Machine Learning Overview

Appian is integration agnostic and has the ability to connect with any machine learning offering that exposes itself with a web API. The purpose of this article is to provide information that will empower your general understanding of machine learning technology regardless of the specific tool being used. For a list of the machine learning integrations that have been written about in detail in Appian's documentation, refer to the articles below:

What is Machine Learning?

Machine learning is a type of artificial intelligence that uses mathematical models to generate probabilistic predictions by finding patterns in historical data. Machine learning models can be thought of as black boxes that are created by processing many observations with known outcomes. These models are then able to take in one or many observations without a known outcome and produce possible outcomes and their probabilities.

There are many different uses and applications for machine learning, but this article currently focuses on machine learning technology that analyzes structured data—such as rows of an Excel spreadsheet or an Appian CDT—and delivers a prediction for a specific field or column in the data. This feature, value or attribute that is being predicted for is often referred to as the target.

Other uses for machine learning include natural language analysis and translation and the ability to decipher image contents, done using tools such as IBM's Watson and Google's AutoML Vision, respectively.

Common Model Types

There are two major categories of model types that are used for making machine learning predictions on structured data:

  1. Regression: predicts a numeric value.
  2. Classification: predicts a categorical value from a discrete, fixed number of possible categories. Classification models can be further broken down into two types:
    1. Binary classification: the model has only two prediction values to choose from (ex. true and false).
    2. Multiclassification:  the model has more than two prediction values to choose from.

Which type you utilize is dependent on the target attribute you want to predict for and your overall objective in creating the model. Read the sections below to learn more about the purpose of each model type and see examples describing appropriate uses of each one.

Regression

  • Use a regression model when you want to predict for a numerical value that is not constrained to a finite or particular list of values.
  • The main metric used to determine accuracy of a regression model is the root mean square error (RMSE). A perfect model would have a RMSE of 0. The RMSE represents the standard deviation between predicted and actual values; thus good values are relative to your value ranges you are trying to predict.
  • When using a regression model, be aware that the predicted value may not fall within the range of values provided in training data and might take on any positive or negative number. It is important to have a plan for how to address any values that would fall outside of acceptable ranges for your application.

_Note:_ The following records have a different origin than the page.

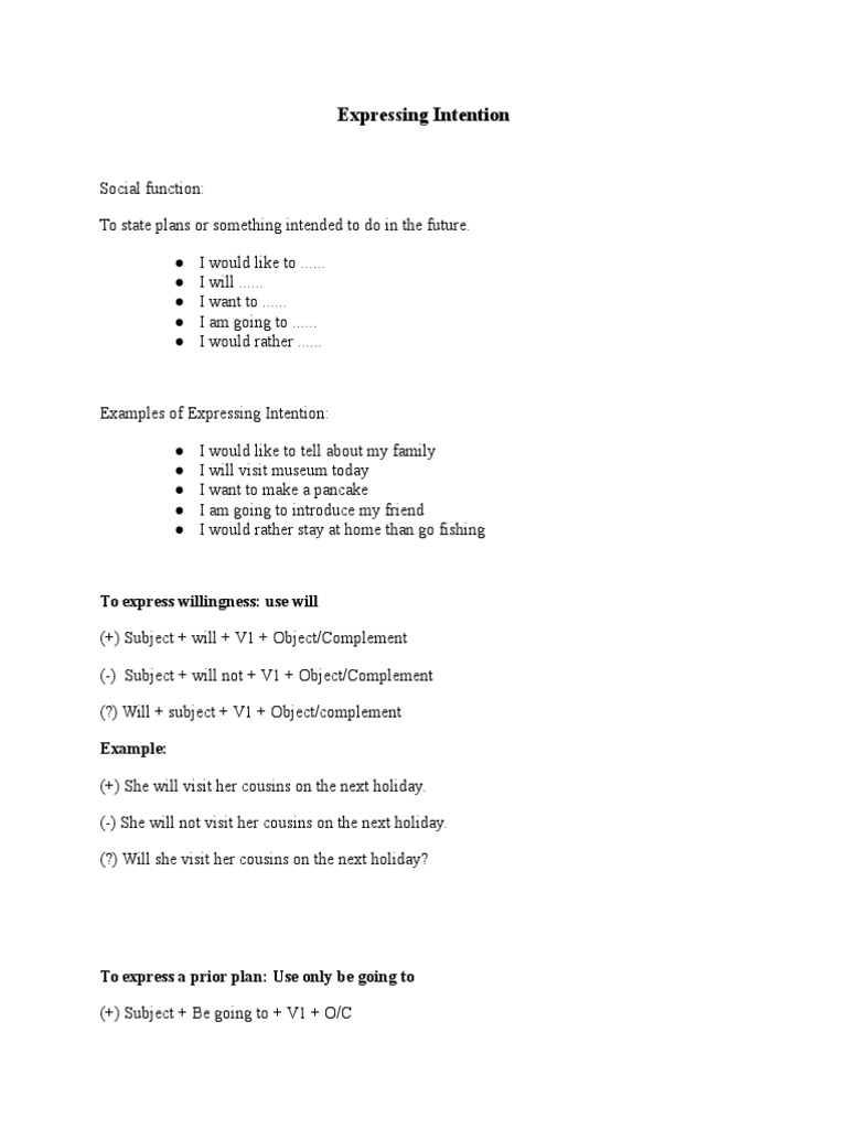 English Is Fun Expressing Intention
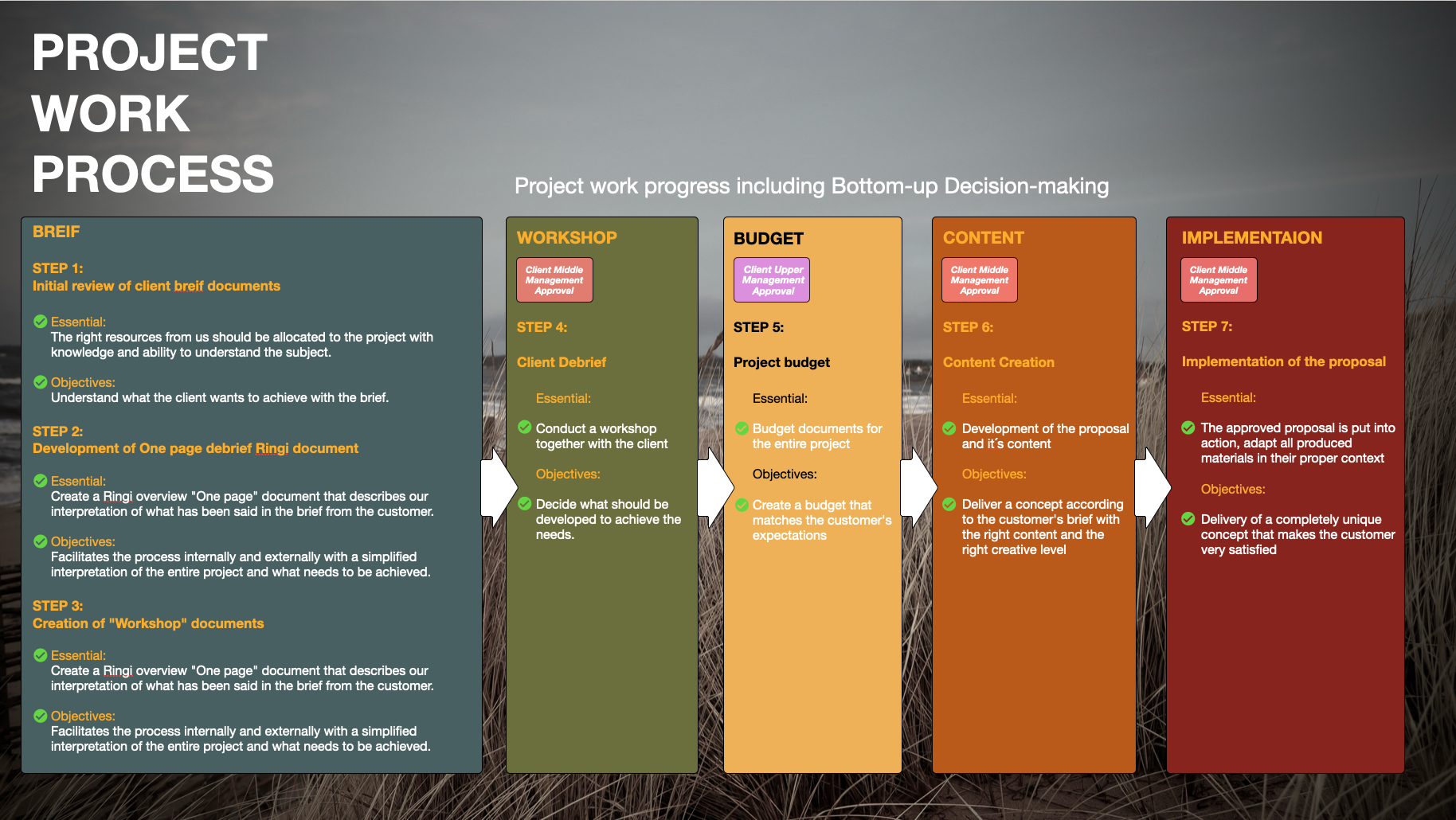 We work with the Ringi methodology and the Kaizen principle to create continuous control, anchored decisions and continuous improvement in every project. By interpreting strategy from the company's origins and connecting it to the right financial and organizational decisions, we ensure that every delivery reflects the true essence of the brand - both commercially and experientially.
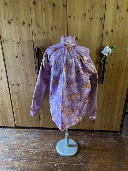 Each jacket will be extra for you. Outside layer in clear PVC and underneath a sweet baby print cloth material. You will be sweet and cute and well protected during mealtimes.
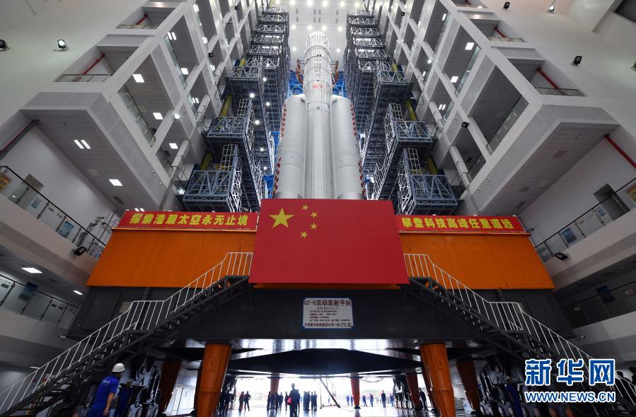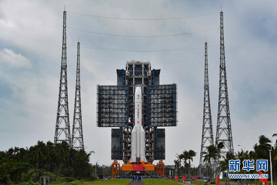 11月17日,長征五號遙五運載火箭和嫦娥五號探測器在中國文昌航天發射場完成技術區總裝測試工作后,垂直轉運至發射區,計劃于11月下旬擇機實施發射。新華社記者 郭程 攝
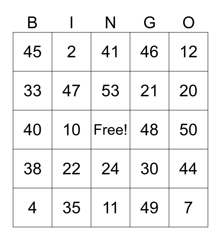This bingo card has a free space and 24 words: 22, 35, 53, 4, 12, 45, 33, 2, 48, 24, 21, 40, 30, 44, 47, 49, 50, 41, 20, 10, 7, 38, 46 and 11.
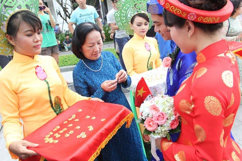 Chỉ với mức phí trách nhiệm 1.000.000 đồng/đôi, cô dâu, chú rể được hỗ trợ bàn tiệc, nhẫn cưới, xe hoa, bánh cưới, chụp ảnh, quay phim, trang điểm, trang phục cưới, cặp gối, phiếu mua sắm siêu thị (500.000 đồng/phiếu). Điều kiện bắt buộc là phải có giấy đăng ký kết hôn và chưa tổ chức đám cưới.
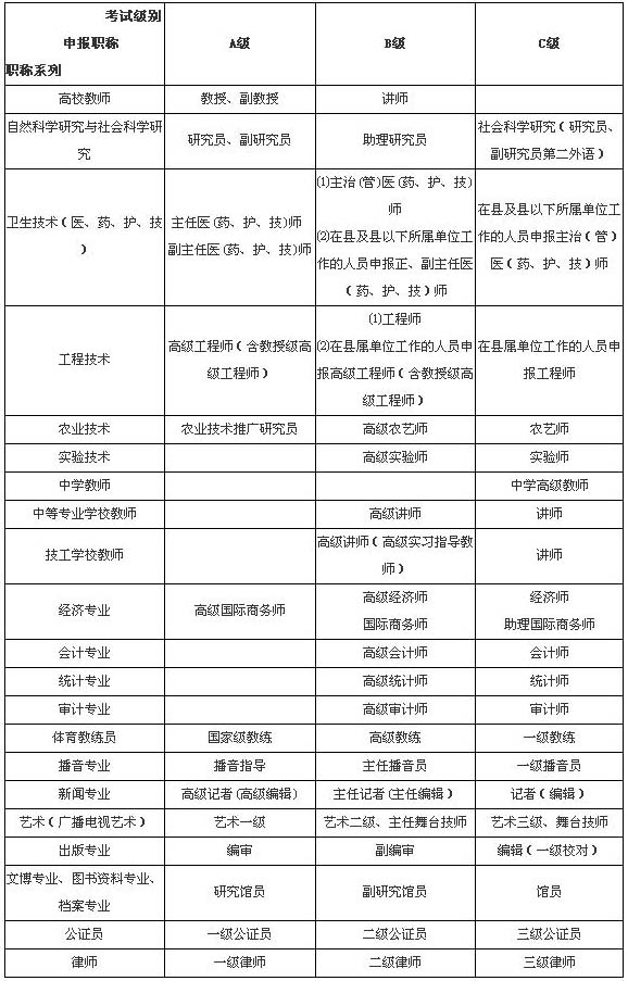 全國專業(yè)技術(shù)人員職稱外語等級統(tǒng)一考試級別劃分及適用范圍

Regression models can be used to predict:

  • The sale price of a home, given information about the home's size, number of bedrooms, zip code, etc.
  • The appropriate salary for a job posting, given information about that job's difficulty and expected characteristics of qualified candidates.
  • The number of viewers who will watch the premiere of a new TV series, given information about the show's genre and cast.

Binary Classification

  • Use a binary classification model when you want to predict for a value that has only two possible outcomes.
  • A binary classification model will return a value (true or false) and a predicted score (a number between 0 to 1). By default if a predicted score is greater than 0.5 than the predicted value will be true, but machine learning tools typically allow you to adjust the score threshold to alter the number of true and false values depending on your use case.
  • The main metric used to evaluate performance of a binary classification model is Area Under the Curve (AUC). The AUC is represented as a number between 0 and 1. A number closer 1 indicates a highly accurate model. Values near 0.5 represent the model is no better than guessing at random. Values close to 0 indicate the model has learned correct patterns, but is using them to make inverse predictions.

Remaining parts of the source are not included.